Prior to Sovereign, Hitchcock spent six years on the lead advisory team at Coopers & Lybrand Corporate Finance.
Ian Williams, previously director of corporate finance for Arbuthnot Securities has joined Lyceum as an associate partner,
“Simon and Ian bring strong expertise in deal origination, buying platform companies and developing them through add-on acquisitions, which is central to Lyceum’s investment approach,” Jeremy Hand, Lyceum managing partner, said in a statement.
The firm recently hired two other investment team members, which Hand said also bring “a good network of relationships in the mid-market”. Hand told PEO that the growing firm felt it should take advantage of talent on the market as “good people don't just come up when you want them to”.
Duncan Green, previously an analyst for PricewaterhouseCoopers Strategy, has joined Lyceum as an analyst as has Humphrey Baker, previously a manager with Ernst & Young’s performance improvement division.

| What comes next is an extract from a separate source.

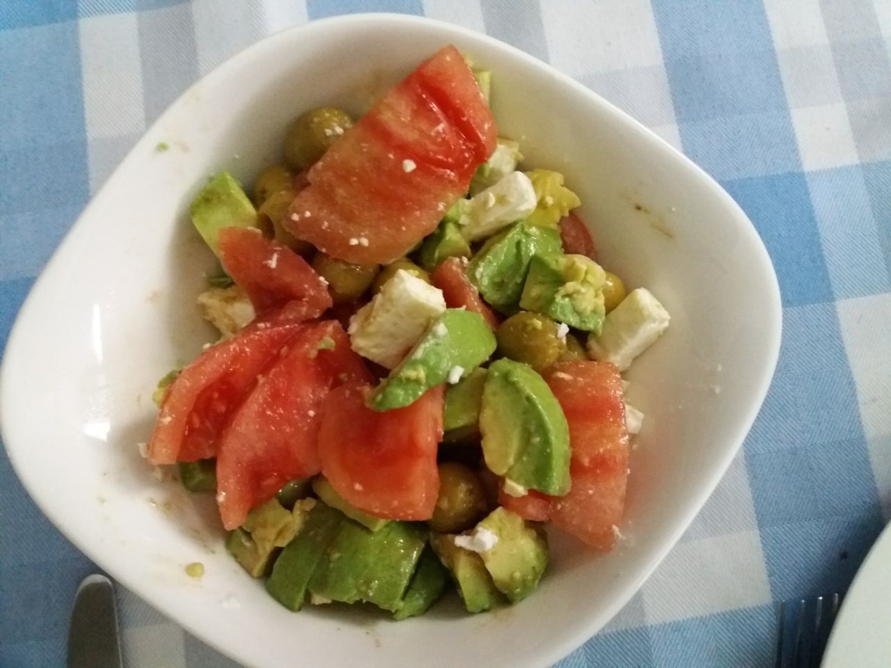 La ensalada es parecida a las anteriores, pero de aguacate, mozarella de leche de búfala, huevo duro y tomate rosa.
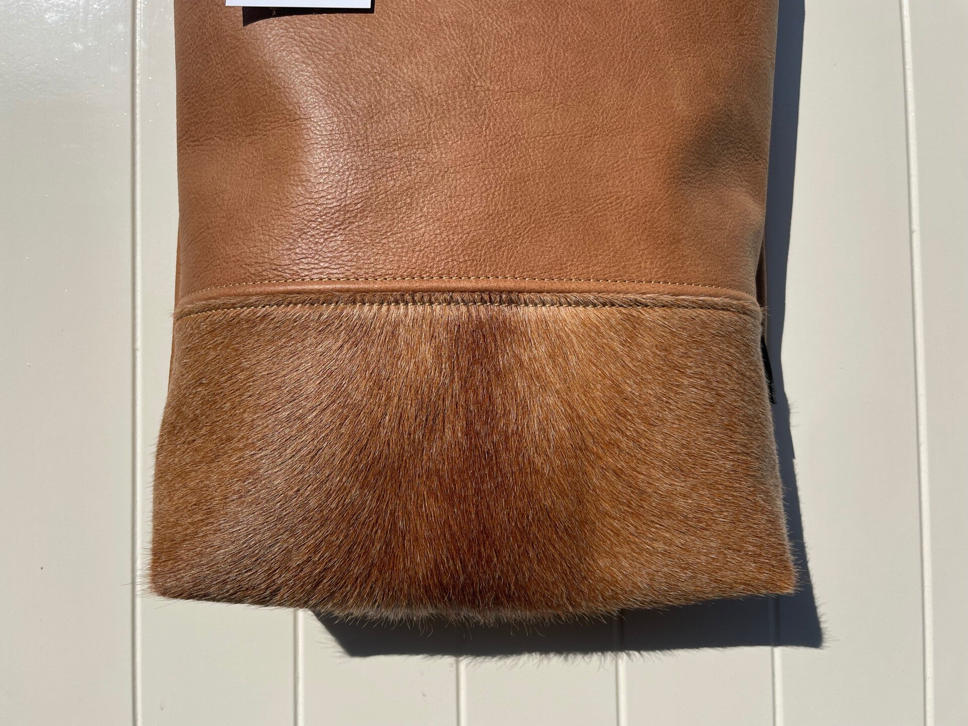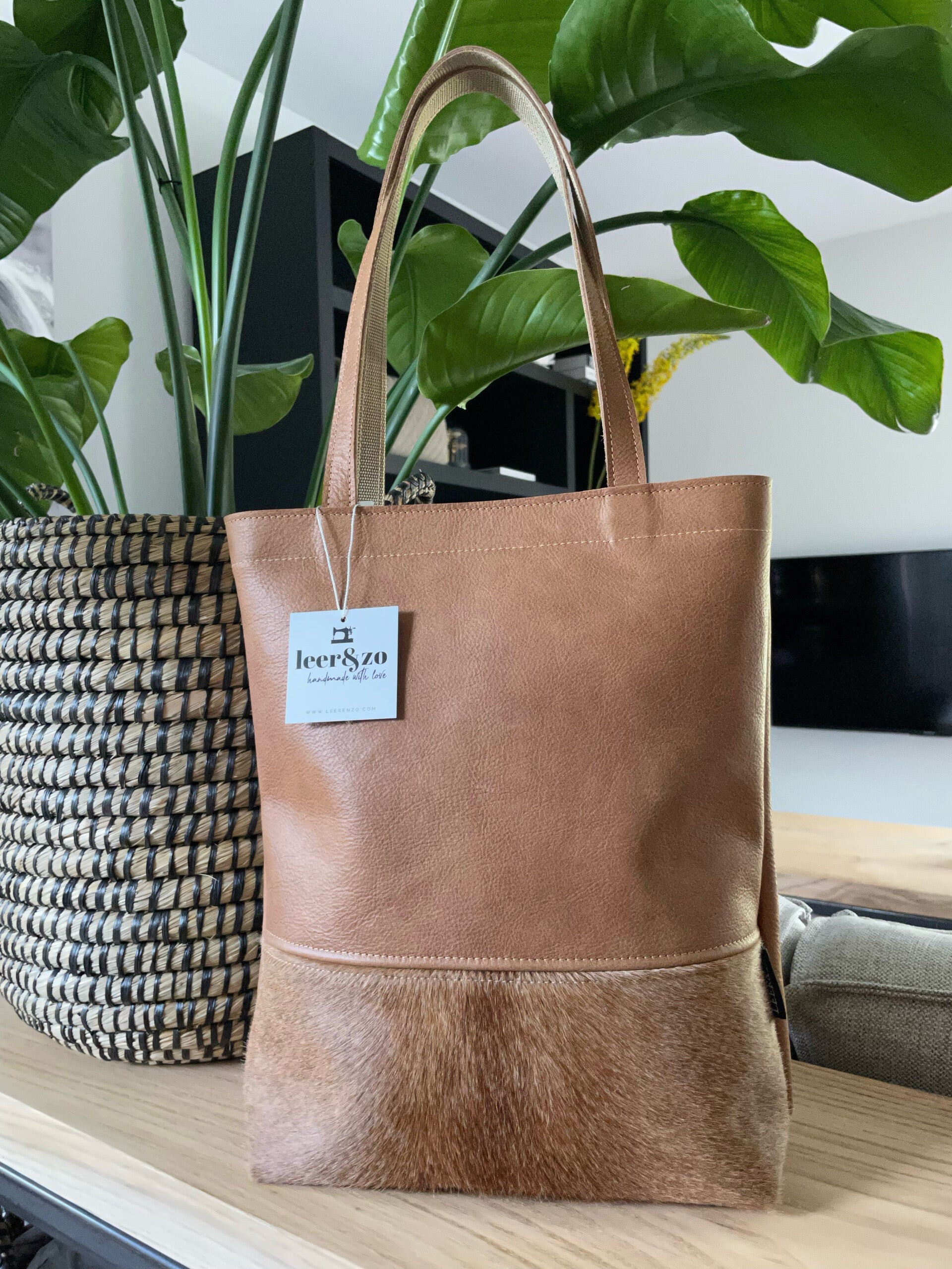 Prachtige cognac leren Tote Bag shopper met aan de onderzijde uniek cognac koeienhuid. Deze geweldige tas is multifunctioneel en heerlijk ruim. Te gebruiken als laptoptas/studietas of gewoon als shopper. Er is ruimte genoeg voor laptop, schrijfmap, agenda en andere spullen.

The new additions bring to 17 the number of investment professionals at Lyceum, which two years ago spun out of German parent bank WestLB when Axa Private Equity and AlpInvest purchased the bank.
Lyceum closed its second fund on £255 million (€321 million; $460 million) in February. This month, the firm agreed a £37 million take-private of Carewatch Care Services and exited its investment in vehicle management group Leasedrive Velo in an £80 million secondary sale to LDC, the private equity arm of Lloyd’s TSB bank.
Hand said Lyceum is sitting in a fortunate position at present given its recent fund close, as well as having “managed to get most of our portfolio sold up through 2007”. He added, “I don't think we need to rush at spending money at the moment.”